Да о чём я только думаю? Ну, поганец, ты недалеко ушёл от своего
младшего братца — да, лоск у тебя есть, и с избытком, но под слоем
напускной умудрённости и отточенных манер скрывается точно такой же
капризный ребёнок, заслуживающий хорошей порки. Теперь я буду умнее
и найду сначала что-нибудь гибкое и длинное, чтобы не трудить
ладонь… Эх, жаль розог здесь не держат…
Наверное, я бы плюнул на ломоту во всех мышцах и осуществил бы
маленькую экзекуцию над зарвавшимся сорванцом, но не успел. Со
двора донеслись голоса. Встревоженные, даже испуганные. И стоны.
Стонала женщина. Женщина?! Я бросился к дверям, морщась от боли при
каждом движении.
— Куда ты?
— Спущусь вниз, посмотрю, что случилось, — ответил я, готовясь к
главному подвигу на сегодняшний вечер — преодолению лестницы.
Каждая ступенька давалась с таким трудом, что я оказался внизу
уже много позже того, как роженицу пронесли в комнату, где доктор
принимал больных. Зато у меня было достаточно времени, чтобы
определить, насколько тяжело моё собственное состояние: переломов
нет, даже рёбра в порядке, но связки на ногах и руках болят
неимоверно. Хорошо ещё, что они не разорваны…

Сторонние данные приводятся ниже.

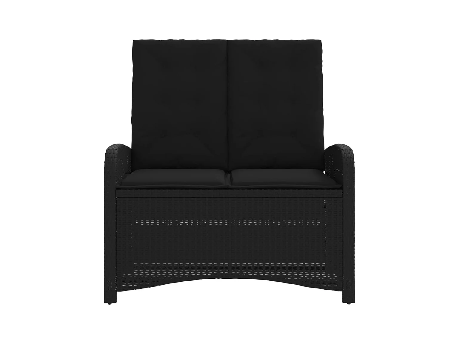 Liggende tuinbank met zwarte kunsthars rieten kussens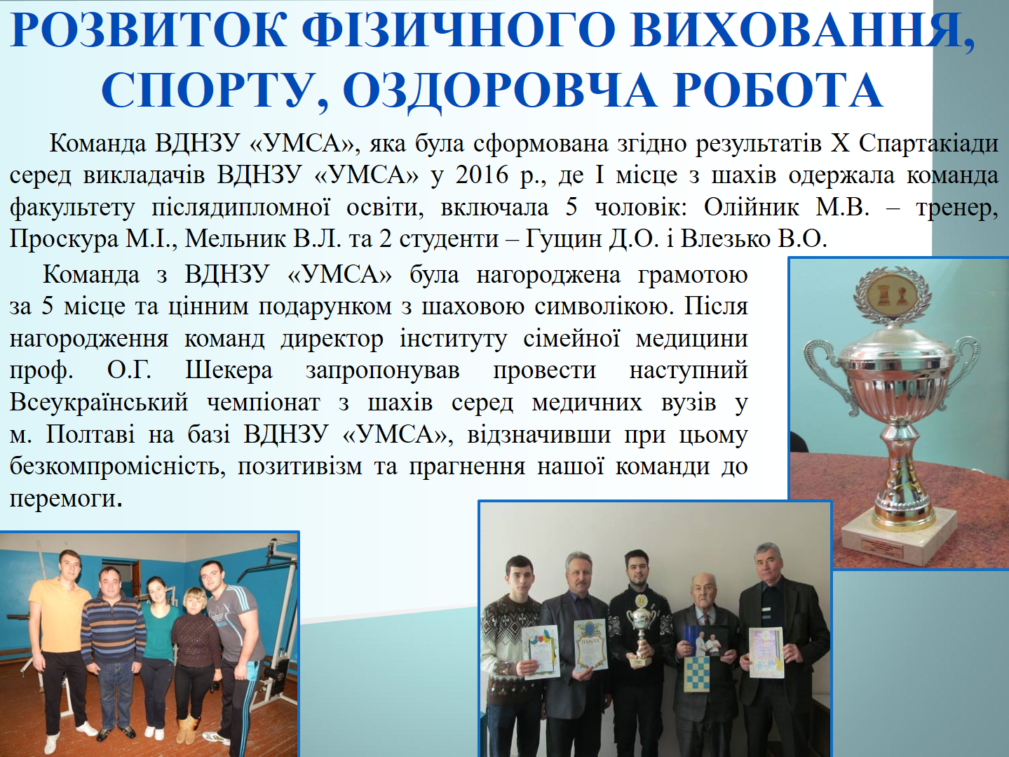 асистент Казакова К. С. - шахи ( 1 місце),

Да, это была та самая селянка — с середины лестницы я разглядел
бледное, покрытое испариной лицо и выгоревшую на солнце косу.
— Я же просил показать женщину ведунье! — процедил я сквозь зубы
в обезумевшую физиономию мужа.
— Да я… Да… Она…
— Олухи! — Я доковылял до приёмной и заглянул внутрь.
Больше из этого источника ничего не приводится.